Provided material:
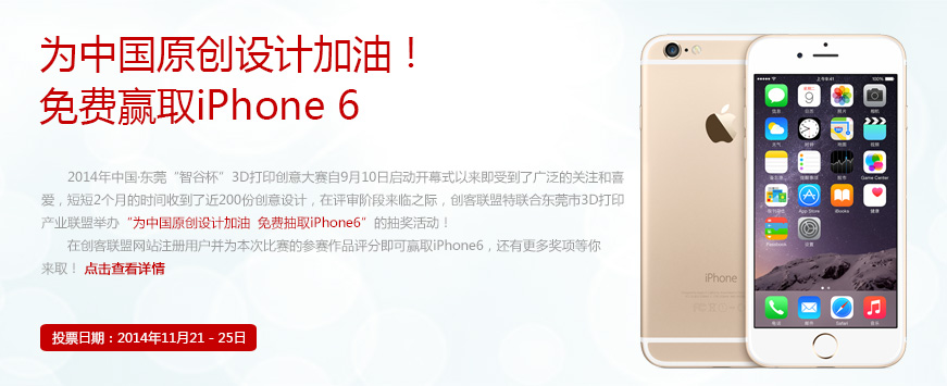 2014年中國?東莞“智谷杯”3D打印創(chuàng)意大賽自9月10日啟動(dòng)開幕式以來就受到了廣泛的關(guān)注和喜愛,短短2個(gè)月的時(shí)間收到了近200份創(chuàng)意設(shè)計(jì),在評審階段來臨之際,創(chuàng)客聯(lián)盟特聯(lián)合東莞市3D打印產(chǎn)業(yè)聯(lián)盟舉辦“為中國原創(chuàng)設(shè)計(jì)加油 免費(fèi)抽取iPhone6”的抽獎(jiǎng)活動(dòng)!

---

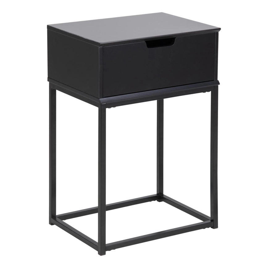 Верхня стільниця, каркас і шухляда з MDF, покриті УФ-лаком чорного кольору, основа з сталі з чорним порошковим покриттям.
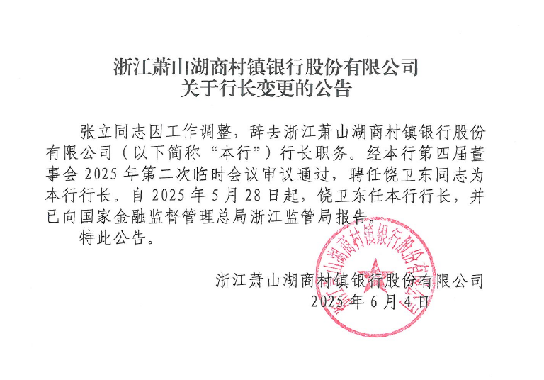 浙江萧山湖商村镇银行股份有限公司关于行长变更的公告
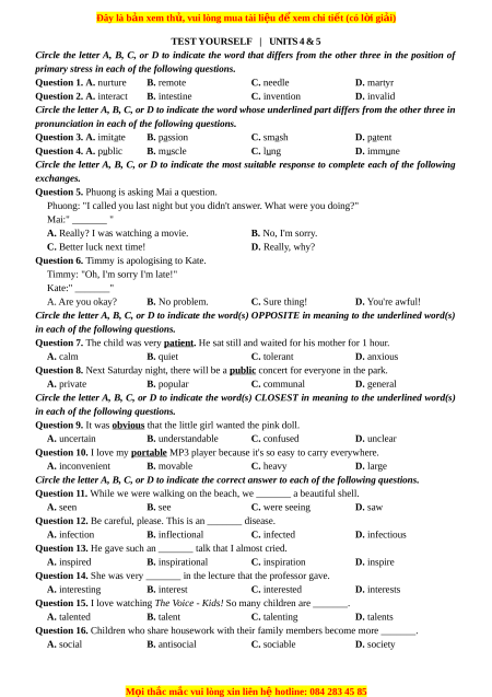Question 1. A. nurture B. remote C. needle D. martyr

Requirement:
Starting at the line that contains "Верхня стільниця, каркас" and ending at the line that contains "Question 1. A.", transcribe the material above exactly, excluding pictures.

Result of the task:
 Верхня стільниця, каркас і шухляда з MDF, покриті УФ-лаком чорного кольору, основа з сталі з чорним порошковим покриттям.
 浙江萧山湖商村镇银行股份有限公司关于行长变更的公告
Question 1. A. nurture B. remote C. needle D. martyr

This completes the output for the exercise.